E B Havell, as principal of Calcutta Art School (1896-1906), introduced certain curricular reforms, revising, to put it in his words, 'the whole course of instruction, making Indian art the basis of teaching'.1 And for the rest of his life wrote a series of books on Indian art history from what he considered the Indian point of view, inspiring an art movement which took Indian artists back to their own old tradition. Though the art movement, which dominated Indian art for the first third of the twentieth century, enjoyed the generous patronage of the Empire, its progenitor, Havell, was lauded as 'the English prophet of Indian nationalism',2 an apparent contradiction to which we shall return.

However, the movement did not go unchallenged. Controversies raged intermittently in Indian art circles on a range of issues.3 Three decades after Havell introduced his reforms, when the movement was at the peak of its success, spreading out from Calcutta to other parts of India (with the exception of Bombay), Rabindranath Tagore, who had once supported Havell's reforms, addressed an audience at Dhaka University. His tone was urgent: 'I strongly urge our artists vehemently to deny their obligation to produce something that can be labelled as Indian art, according to some old world mannerism.'4

It was a powerful intervention seeking to liberate Indian artists from the claustral confines of a fossilised tradition, but it remained a one-off fusillade delivered from what was then a provincial town, and there is little evidence that it reached very far. Despite its importance in the trajectory of Tagore's own development as an artist, the Tagore 'industry' has shown little interest in this historically important address.

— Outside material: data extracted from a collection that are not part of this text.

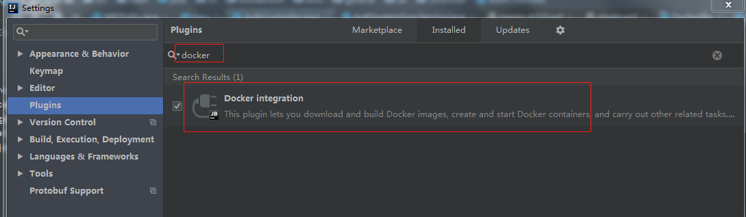 打开File->Settings->Plugins,搜索Docker,可以看见Docker integration插件,安装提示进行一步步安装,安装完毕重启IEDA。
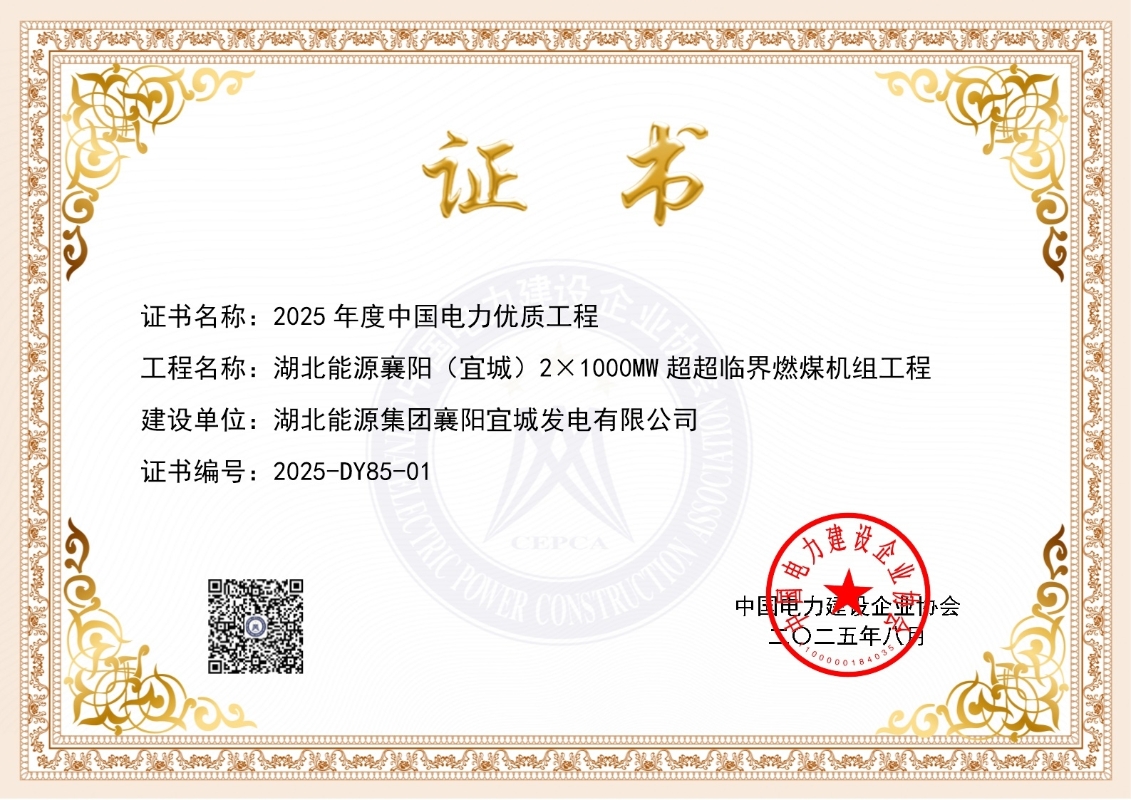 襄陽宜城發(fā)電公司獲評2025年度中國電力優(yōu)質(zhì)工程獎
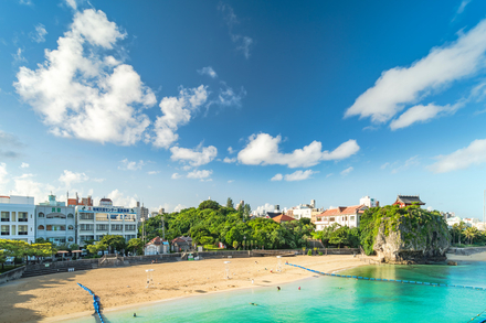Accroché à une falaise dominant la mer de Chine, le sanctuaire Naminoue-gu, fondé au XVe siècle, est l’un des symboles de Naha. Avec ses couleurs rouge et or flamboyantes, il attire aussi bien les pèlerins shintoïstes que les voyageurs curieux. Le lieu dégage une atmosphère paisible, idéale pour s’imprégner de la spiritualité japonaise tout en profitant d’un panorama spectaculaire. Après la visite, il suffit de descendre quelques marches pour accéder directement à la plage et s’offrir un bain rafraîchissant.
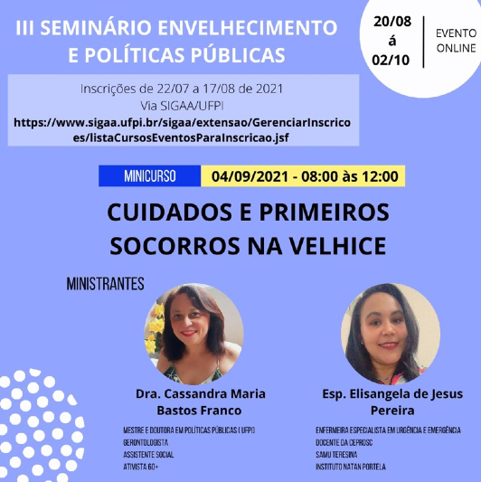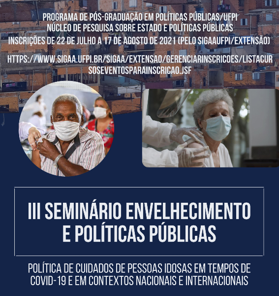 O III Seminário Envelhecimento e Políticas Públicas com o tema “Política de Cuidados de Pessoas Idosas em Tempos de COVID-19 e em Contextos Nacionais e Internacionais” vai se realizar de 20 de agosto a 2 de outubro de 2021, com carga horária de 42h.
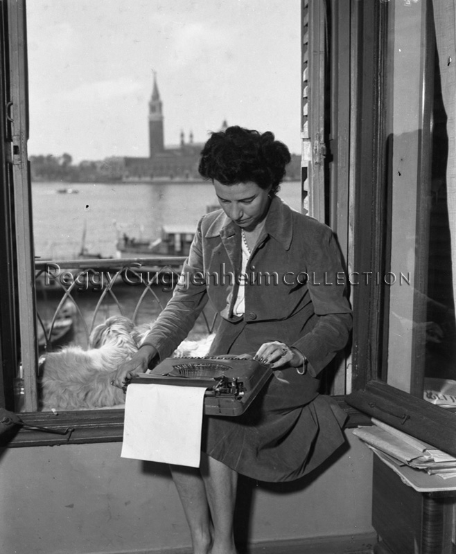Peggy Guggenheim alla finestra di una delle stanze dell'Hotel "Savoia e Jolanda", sulla Riva degli Schiavoni, a Venezia, mentre lavora alla macchina da scrivere. Accanto a lei uno dei suoi cani di razza Lhasa Apsos Terrier. Dalla finestra si vede, in lontananza, l'isola di San Giorgio.
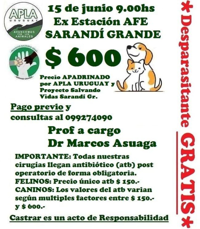El Proyecto "Salvando Vidas" en Sarandí Grande está organizado una jornada de castración económica el próximo 15 de junio a las 9:00 hs en la Ex Estación AFE de Sarandí Grande para promover la tenencia responsable de mascotas y controlar la población animal.

  • 1. The Studio, vol 44, 1908, p 111.
  • 2. Cited in Preface by Pramode Chandra to E B Havell, The Art Heritage of India, comprising Indian Sculpture and Painting and Ideals of Indian Art, revised edition [1927], Bombay, 1964, p vi.
  • 3. Tapati Guha-Thakurta, The Making of a New Indian Art: art, artists and aesthetics in Bengal 1850-1920, Cambridge, 1992, chap 6.
  • 4. Rabindranath Tagore, On Art and Aesthetics, Orient Longman, India, 1961.